The LGBTIQ+ List 2022: Joel Siviour, Seismic Talent
The LGBTIQ+ List 2022 – IQ Magazine’s second annual celebration of queer professionals who make an immense impact in the international live music business – was published in the Pride edition (issue 112) last month.
The July 2022 issue, which is available to read now, was made possible thanks to support from Ticketmaster.
To get to know this year’s queer pioneers a little better, we interviewed each individual on their challenges, triumphs, advice and more.
Throughout the next month, IQ will publish a new interview each day. Catch up on the previous interview with Jill Wheeler, promoter at Red Mountain Entertainment in the US.
The series continues with Joel Siviour (he/him/his), director & booking agent at Seismic Talent Agency in Australia.
Tell us about a personal triumph in your career
Being able to launch Seismic Talent Agency in 2020, right in the thick of the pandemic. As an independent operator, it took a lot of mental fortitude and endurance and an amazing support network to persevere through so much uncertainty, but I’m really grateful that I was able to make it work!
What advice could you give to young queer professionals?
Don’t be afraid to bring your authentic queer self into the workplace, it can be a major strength. Early in my career, I tried to compartmentalise parts of my identity and isolate that away from my professional career, but since embracing those parts of myself within the context of the music industry, I’ve been able to work on some incredibly personally satisfying projects that previously I might have been too guarded to take on.
One thing the live industry could do to be a more inclusive place
Honestly, I’d just love to see more companies practice what they preach in terms of inclusive values. I’ve witnessed plenty of virtue-signalling from within our industry, but when push comes to shove there are companies whose actions don’t align with the values they claim to hold.
A cause you support
Support Act is an incredible Australian-based charity that support musicians and music-industry workers with relief through periods of crisis. They were absolutely instrumental in keeping the local live performance industry afloat through the pandemic, both through financial support and mental health support services. I’m so grateful for their support and hope to be able to continue to support them as much as they supported us throughout the toughest times of the pandemic.
“I’d just love to see more companies practice what they preach in terms of inclusive values”
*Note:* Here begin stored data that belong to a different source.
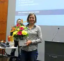 Lisa Harvey-Smith (born 1979) is a British-Australian astrophysicist, Australia's Women in STEM Ambassador and a Professor of Practice in Science Communication at the University of NSW. Her research interests include the origin and evolution of cosmic magnetism, supernova remnants, the interstellar medium, massive star formation and astrophysical masers.[3] For almost a decade Harvey-Smith was a research scientist at Australia’s Commonwealth Scientific and Industrial Research Organisation (CSIRO), including several years as the Project Scientist for the Square Kilometre Array Pathfinder and later Project Scientist for the Australian Square Kilometre Array Pathfinder (ASKAP) Telescope.[4]
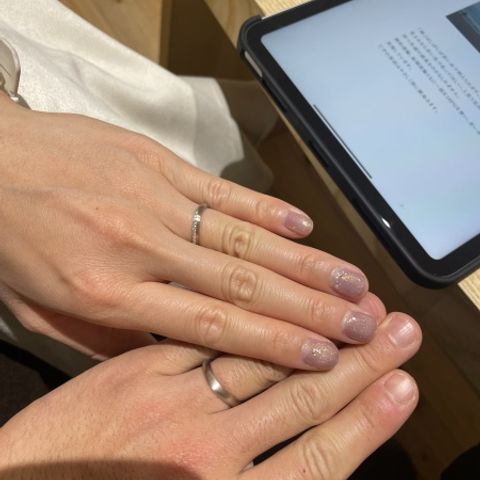 いろいろな要望を聞いてもらい、それぞれの好きなデザインで作っていただきました。つけた時の違和感のなさは普段指輪をつけない私には感動でした! ダイヤモンドを指輪の内側に1つ入れ、秘密感のあるところも大満足です!
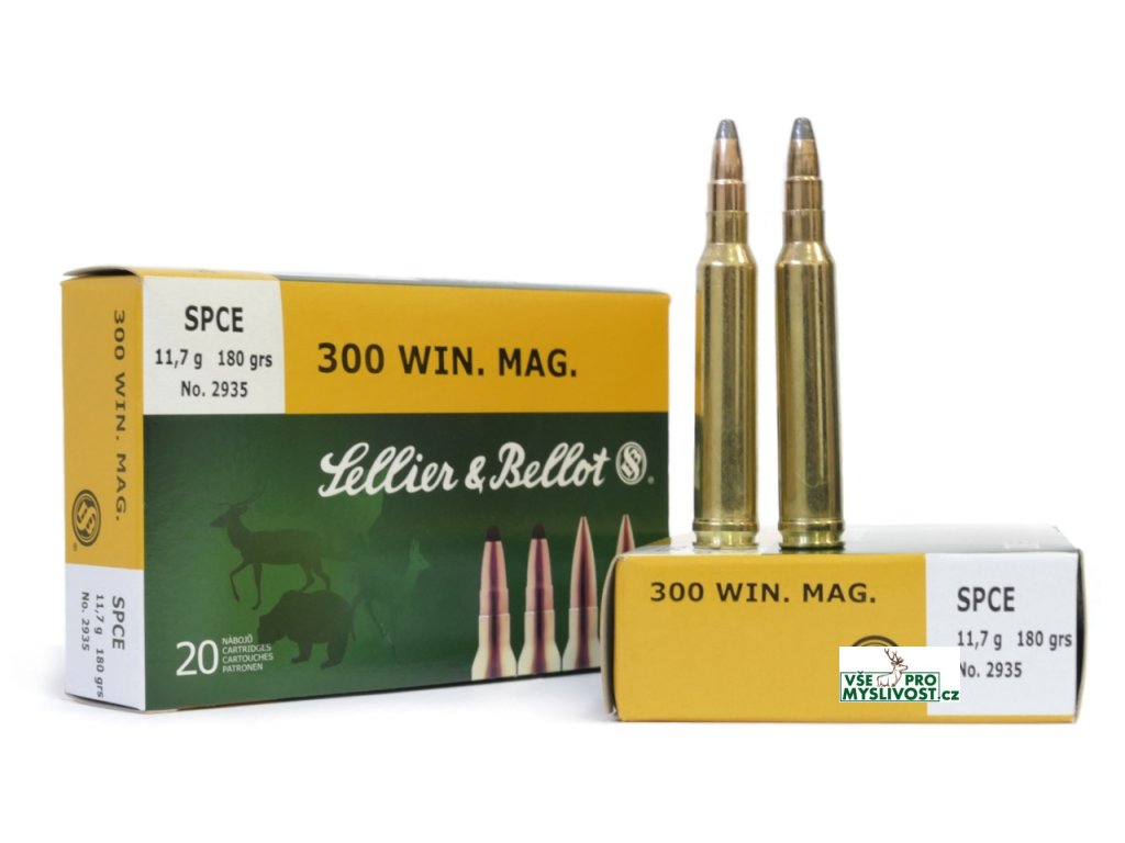 SB 300 Win Mag 2935 SPCE 11,7g Poloplášťová střela s prosekávací hranou. Střela má na plášti prosekávací hranu, která současně z části uzamyká olověné jádro. Účinek střely je závislý na odporu cíle, což způsobuje, že u slabší zvěře se střela deformuje méně než u silnější. Je vhodná k lovu spárkaté zvěře.
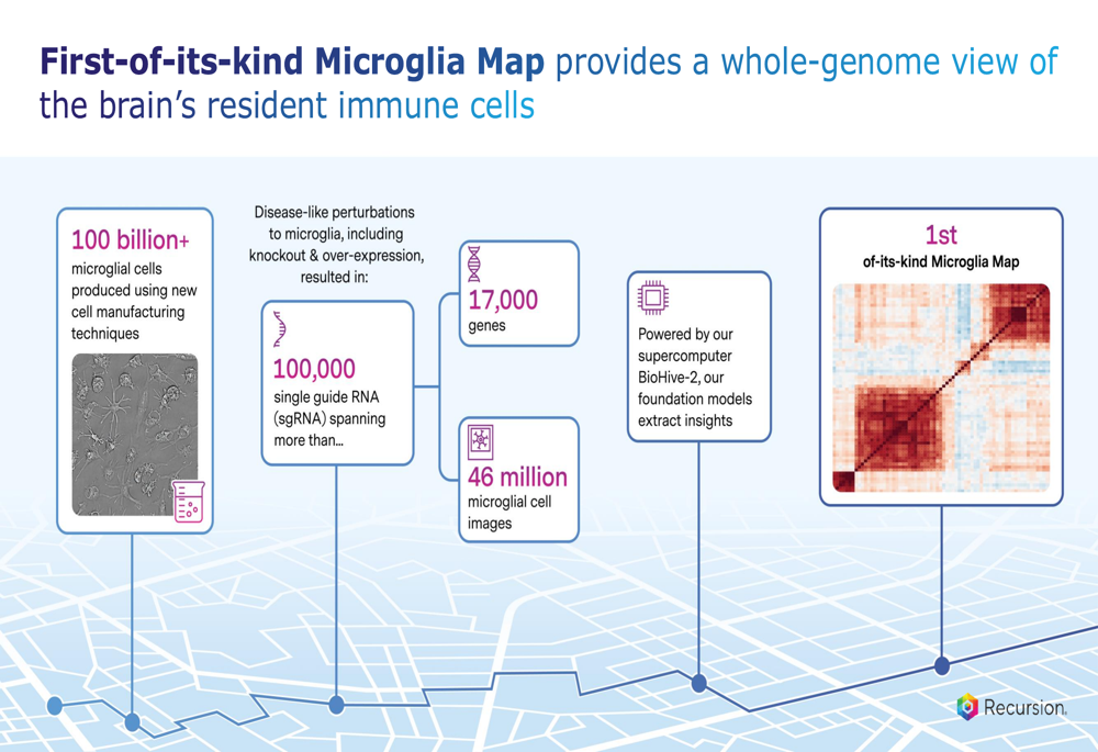 A key technological advancement highlighted was the completion of Recursion’s first-of-its-kind Microglia Map, providing a whole-genome view of the brain’s resident immune cells. This map, created from over 100 billion microglial cells, represents a significant achievement in the company’s platform development:
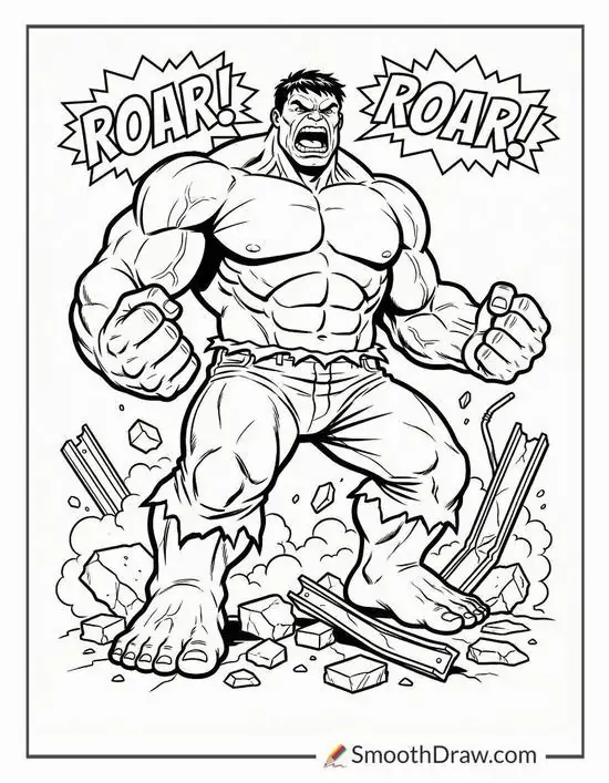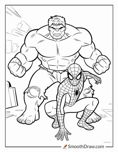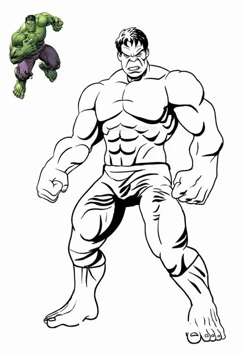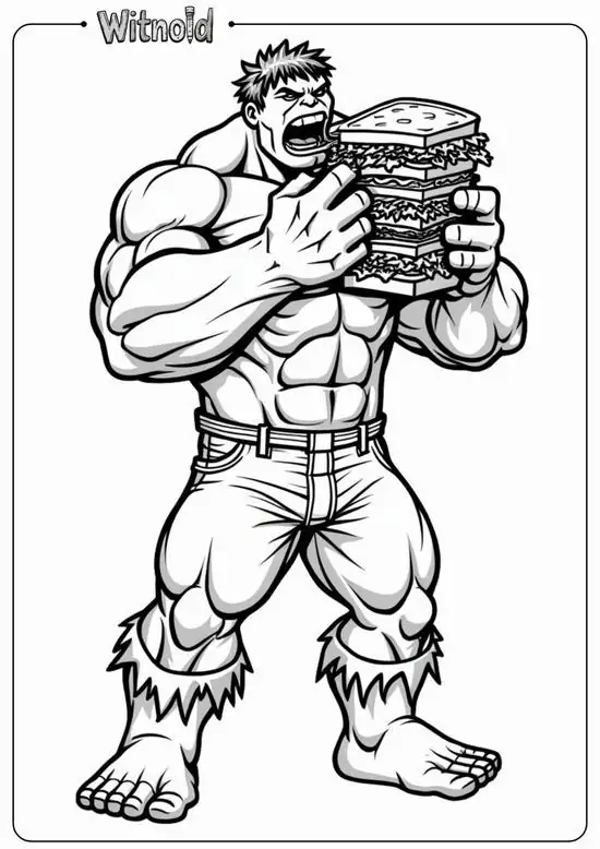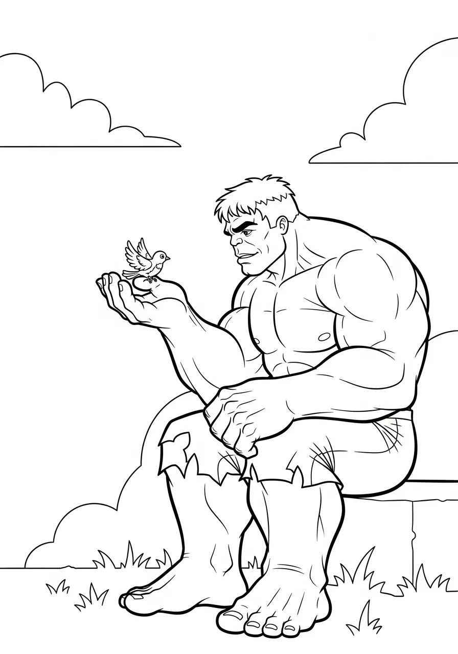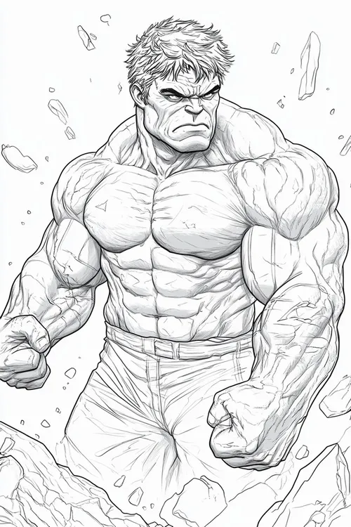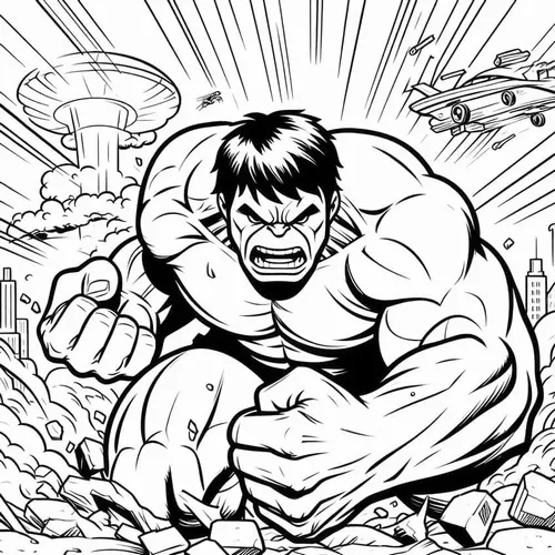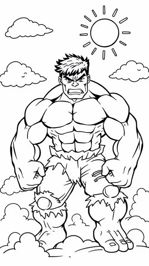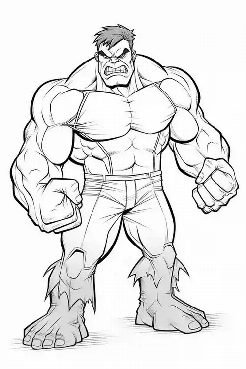 Hulk, hay Người khổng lồ xanh, là nhân vật nổi tiếng của Marvel Comics do Stan Lee và Jack Kirby góp phần tạo nên. Điểm dễ nhận ra nhất là làn da xanh lá, cơ bắp đồ sộ, đôi tay khổng lồ và chiếc quần tím rách gấu. Trong tranh tô, bé thường thấy các Hulk với các tư thế chiến đấu mạnh, biểu cảm gầm vang và bối cảnh thành phố hoặc chiến trường đầy kịch tính.

The queer act you’re itching to see live this year
I’m super excited to be seeing Lady Gaga at The Chromatica Ball in Paris soon! That album became such an appreciated escape during the peak of the pandemic and lockdown, so I think there’s going to be something super cathartic in seeing her perform those tracks live.
Your favourite queer space
Sircuit in Melbourne. Every trip I take to Melbourne mysteriously sees me arrive early enough to pop into their Thursday night event “Hey Henny” hosted by Sabrina and Kali. Yet to have a bad night there!
What’s the best mistake you’ve ever made?
I can’t think of a specific example but taking risks and being open to making mistakes is such a crucial part of growth, both personal and professional. They don’t have to be catastrophic mistakes either, you can learn a lot from small mistakes, and ideally, if you keep an eye out you can learn quite a lot from other people’s mistakes too.
Tell us about a professional challenge you’ve come across as a queer person in the industry
I feel quite fortunate that I haven’t personally encountered much in the way of homophobia or my identity holding me back in the music industry, and I’m grateful and appreciative of the queer people who came before me to make help pave the way for that experience.